Authors: Brendan Behan
There was a party to celebrate Deirdre’s return from her abortion in Bristol.
Ciarán, her brother, welcomed me, literally with open arms, when I entered the Catalonian Cabinet Room where the guests were assembled.
Even her mother, the screwy old bitch, came over with a glass of whiskey in her hand, and said, ‘You’re welcome, Brendan Behan.’
Bloody well, I knew why I was welcome.
It was I squared the matter for Deirdre to go over to England, and have her baby out, under the National Health Service, so to speak.
The mother was supposed to be a very good Catholic and I was a bit shocked to see the matter of fact way she accepted the situation and even put up the money for the trip and the readies* to pay the quack.

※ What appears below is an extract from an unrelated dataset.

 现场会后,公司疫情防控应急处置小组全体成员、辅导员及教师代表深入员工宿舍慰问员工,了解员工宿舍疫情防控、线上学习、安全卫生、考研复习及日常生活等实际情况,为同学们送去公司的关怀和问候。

She never let on to know, of course, that there was anything amiss (no pun) and pretended to believe that Deirdre was ‘going on a bit of a holiday to the other side.’
Deirdre and Ciarán’s father was Irish Representative of the Catalonian Government at the time of the Spanish War and had been instrumental, it was said, in preventing the Irish Government from recognising
Franco till the whole thing was over and it didn’t matter any more.

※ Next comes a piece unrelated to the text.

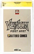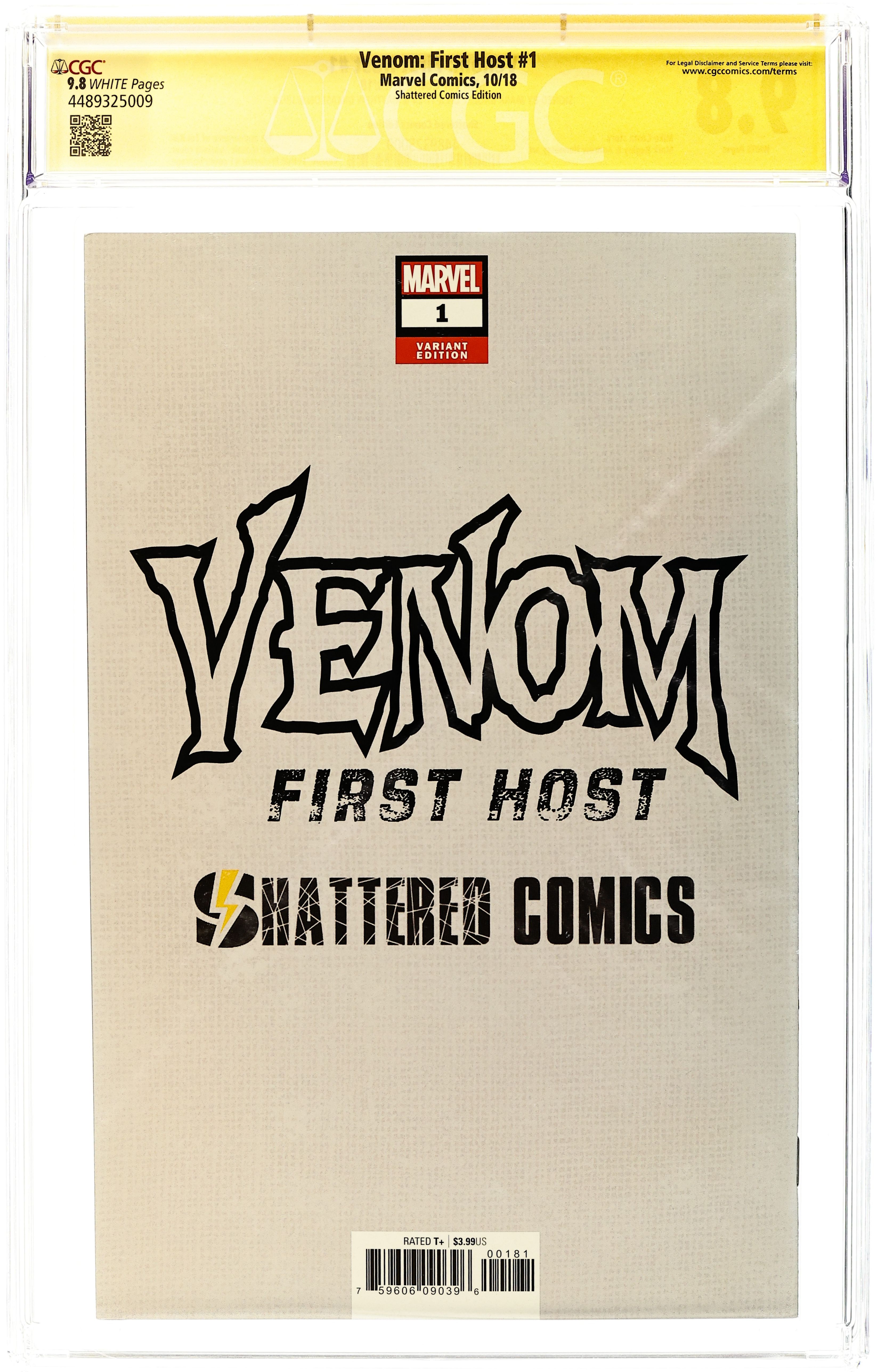 Shattered Comics exclusive variant by Matthew DiMasi. Written by Mike Costa. Art by Mark Bagley and Dono Sanchez-Almara. MIKE COSTA AND MARK BAGLEY REUNITE FOR A VENOM STORY UNLIKE ANY OTHER! Before the AMAZING SPIDER-MAN…before VENOM… There was the FIRST HOST. And that First Host has returned in need of Venom's help - only by reuniting can the two avert cosmic ruin! Can Eddie and the symbiote trust one another long enough to save the galaxy, or will the FIRST HOST prove to be Venom's undoing?! 28 pages, full color. Rated T+

There was great pressure to recognise Franco brought on the Government by the Cardinal and Bishops of Ireland, but it was said that De Valera had some sympathy with the Catalonians and Basques, on account of having relations amongst them. It might also have been the case that he was remembering when he was President of the Irish Republic and was excommunicated by the same Bishops.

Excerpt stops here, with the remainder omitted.